▶ [GIVEN INFORMATION]:

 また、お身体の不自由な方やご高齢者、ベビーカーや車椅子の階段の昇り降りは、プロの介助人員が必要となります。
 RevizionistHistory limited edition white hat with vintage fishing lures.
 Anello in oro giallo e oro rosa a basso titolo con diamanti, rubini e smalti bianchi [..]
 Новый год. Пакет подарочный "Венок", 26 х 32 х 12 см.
==
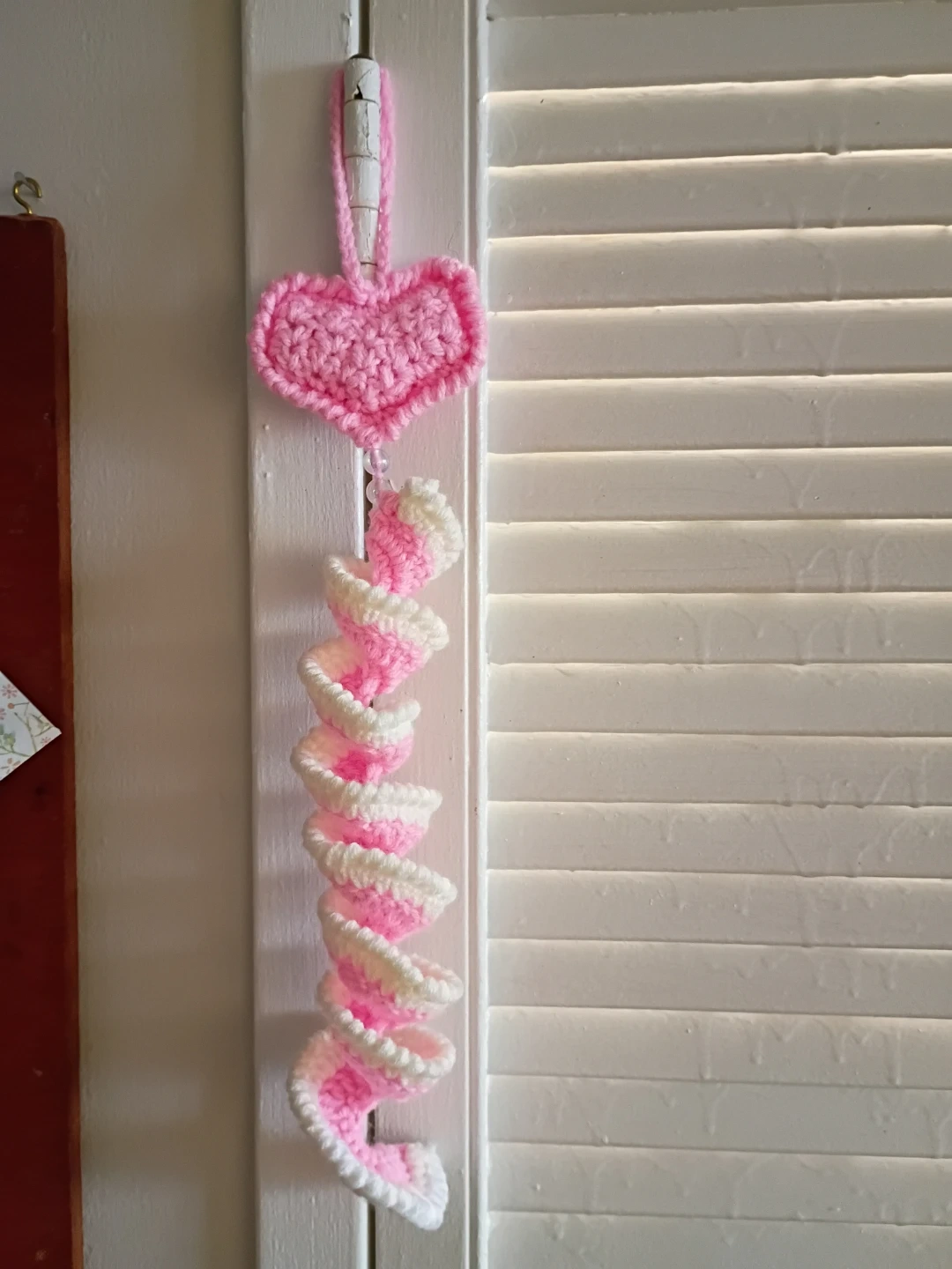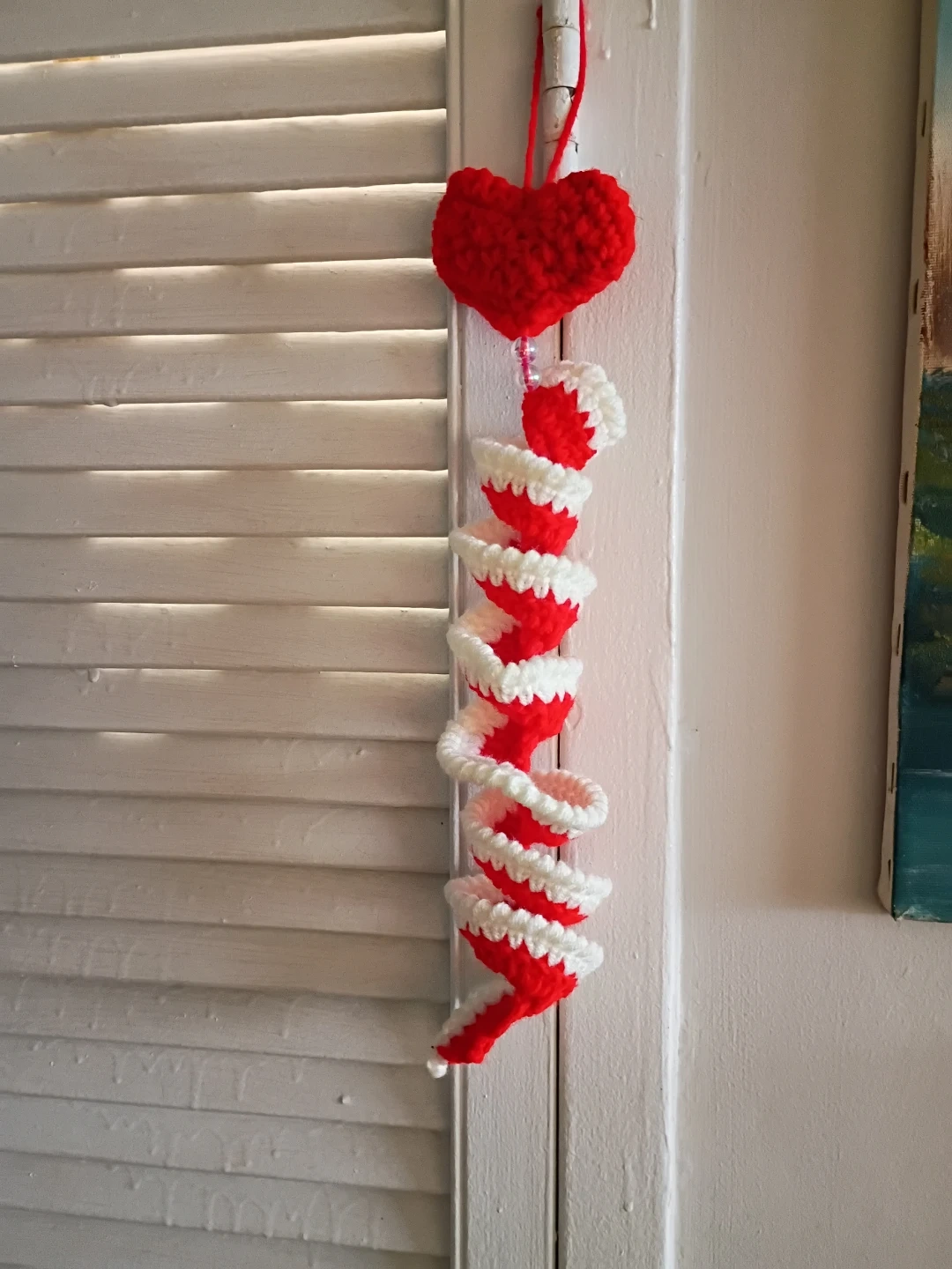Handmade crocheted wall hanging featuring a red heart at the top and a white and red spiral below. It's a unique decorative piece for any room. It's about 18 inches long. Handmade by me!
---
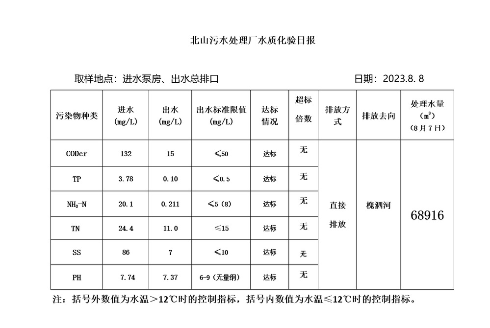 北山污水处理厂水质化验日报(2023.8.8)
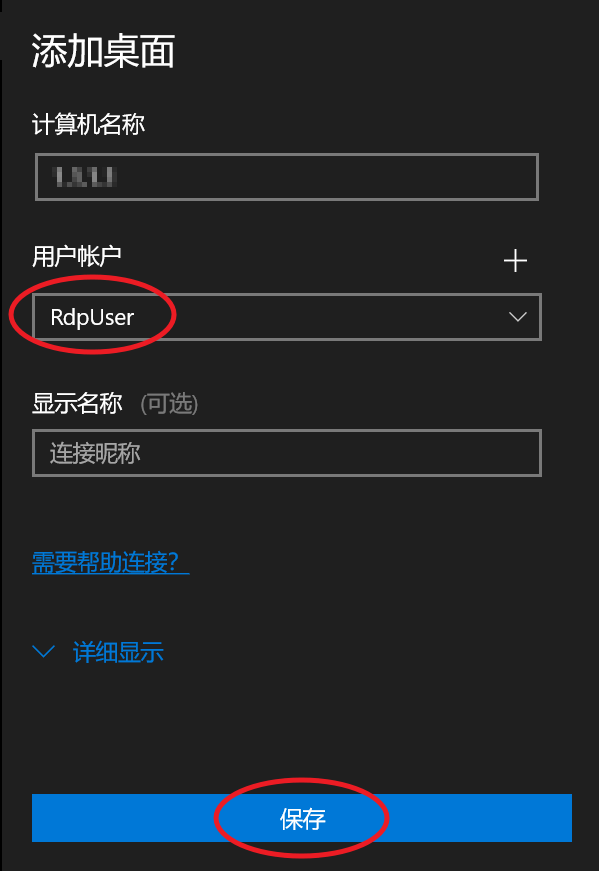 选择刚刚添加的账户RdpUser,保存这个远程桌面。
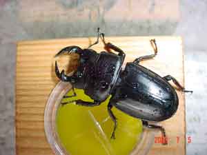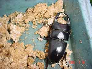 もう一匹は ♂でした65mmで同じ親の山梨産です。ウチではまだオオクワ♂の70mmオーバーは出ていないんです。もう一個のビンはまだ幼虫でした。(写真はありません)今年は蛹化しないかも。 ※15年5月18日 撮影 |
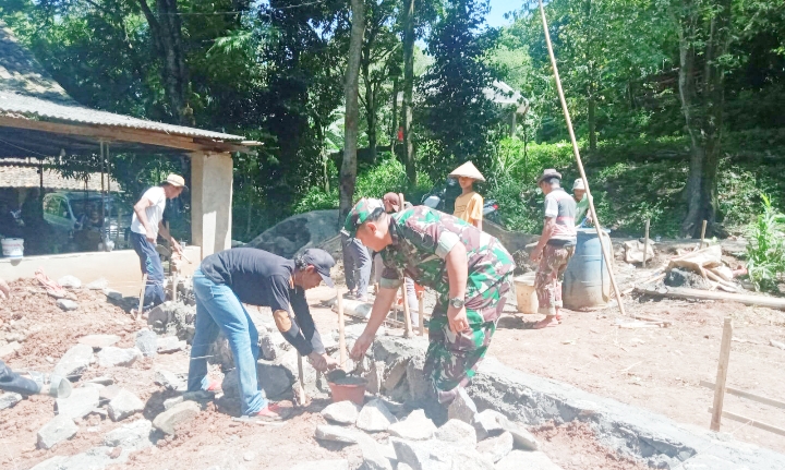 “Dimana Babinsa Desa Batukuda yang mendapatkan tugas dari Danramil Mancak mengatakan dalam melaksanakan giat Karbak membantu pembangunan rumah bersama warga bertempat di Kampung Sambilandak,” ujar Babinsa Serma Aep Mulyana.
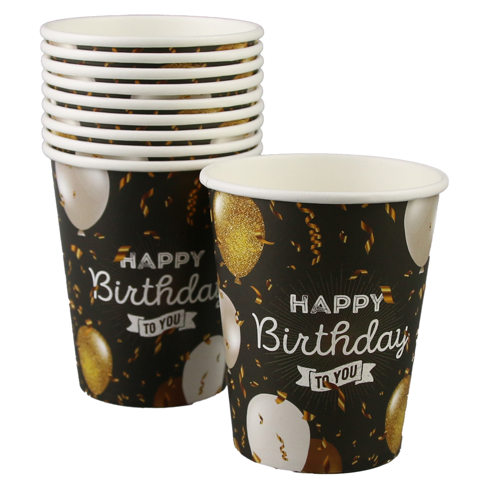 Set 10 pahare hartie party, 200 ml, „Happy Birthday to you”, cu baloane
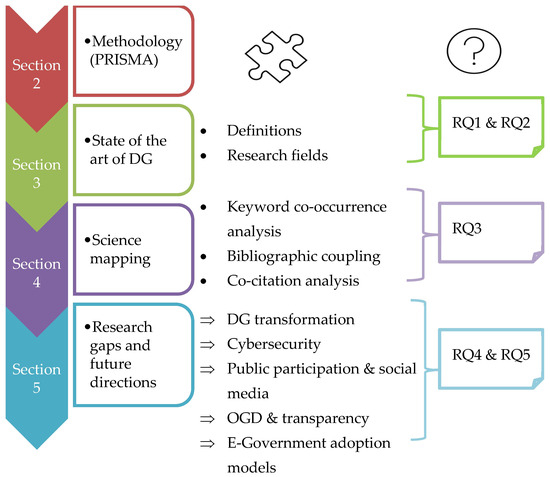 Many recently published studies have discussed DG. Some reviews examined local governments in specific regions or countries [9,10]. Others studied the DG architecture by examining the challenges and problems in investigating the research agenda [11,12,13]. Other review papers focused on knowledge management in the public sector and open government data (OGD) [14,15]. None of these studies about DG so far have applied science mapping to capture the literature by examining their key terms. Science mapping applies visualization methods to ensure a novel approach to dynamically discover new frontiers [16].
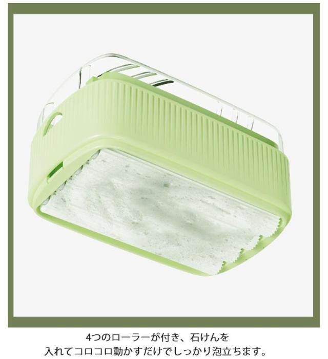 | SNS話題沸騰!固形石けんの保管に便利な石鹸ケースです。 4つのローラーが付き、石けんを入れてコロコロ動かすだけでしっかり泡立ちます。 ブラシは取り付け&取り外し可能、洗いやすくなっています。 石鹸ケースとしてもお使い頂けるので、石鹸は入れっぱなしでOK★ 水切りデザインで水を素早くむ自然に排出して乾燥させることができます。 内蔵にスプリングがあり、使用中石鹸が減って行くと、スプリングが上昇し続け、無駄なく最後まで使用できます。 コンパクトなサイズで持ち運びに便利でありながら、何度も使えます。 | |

▶ [EXERCISE GOAL]: Print again the lines of the entries above that fall between the line holding "また、お身体の不自由な方やご" and the line holding "Новый год. Пакет", inclusive, exactly as they stand.

▶ [WORKED SOLUTION]:
 また、お身体の不自由な方やご高齢者、ベビーカーや車椅子の階段の昇り降りは、プロの介助人員が必要となります。
 RevizionistHistory limited edition white hat with vintage fishing lures.
 Anello in oro giallo e oro rosa a basso titolo con diamanti, rubini e smalti bianchi [..]
 Новый год. Пакет подарочный "Венок", 26 х 32 х 12 см.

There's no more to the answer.